▶ [Exercise instructions] Copy each line below as written, but skip the pictures.

▶ [Provided material]
BEGIN

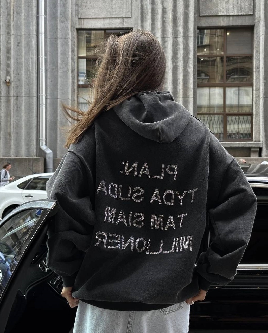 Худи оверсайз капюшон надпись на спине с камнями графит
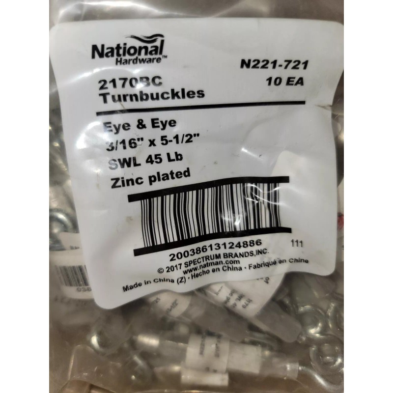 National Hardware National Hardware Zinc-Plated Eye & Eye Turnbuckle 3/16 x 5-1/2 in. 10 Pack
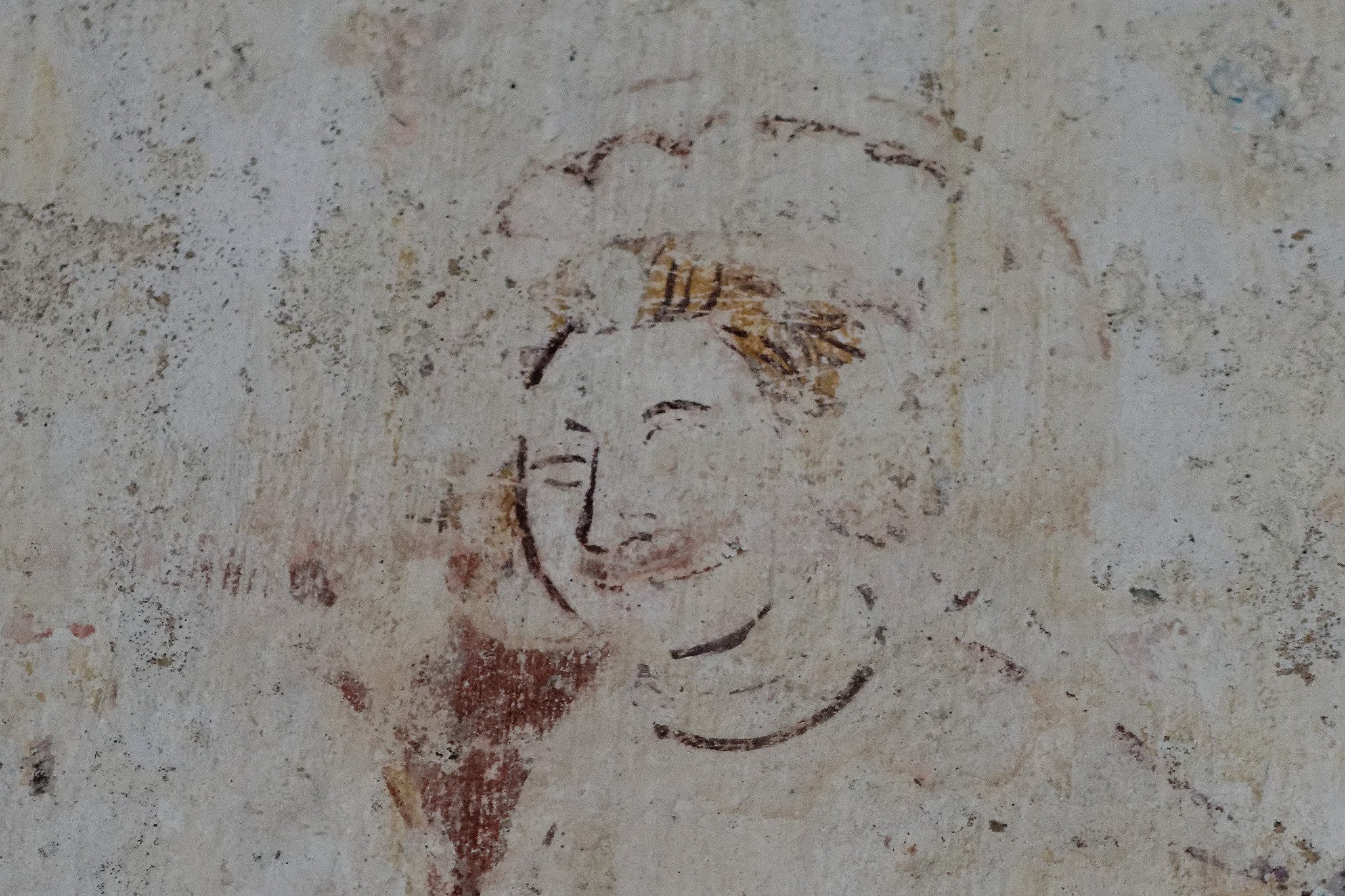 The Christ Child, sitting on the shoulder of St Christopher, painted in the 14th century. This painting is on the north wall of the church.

END

▶ [Result of the task]
 Худи оверсайз капюшон надпись на спине с камнями графит
 National Hardware National Hardware Zinc-Plated Eye & Eye Turnbuckle 3/16 x 5-1/2 in. 10 Pack
 The Christ Child, sitting on the shoulder of St Christopher, painted in the 14th century. This painting is on the north wall of the church.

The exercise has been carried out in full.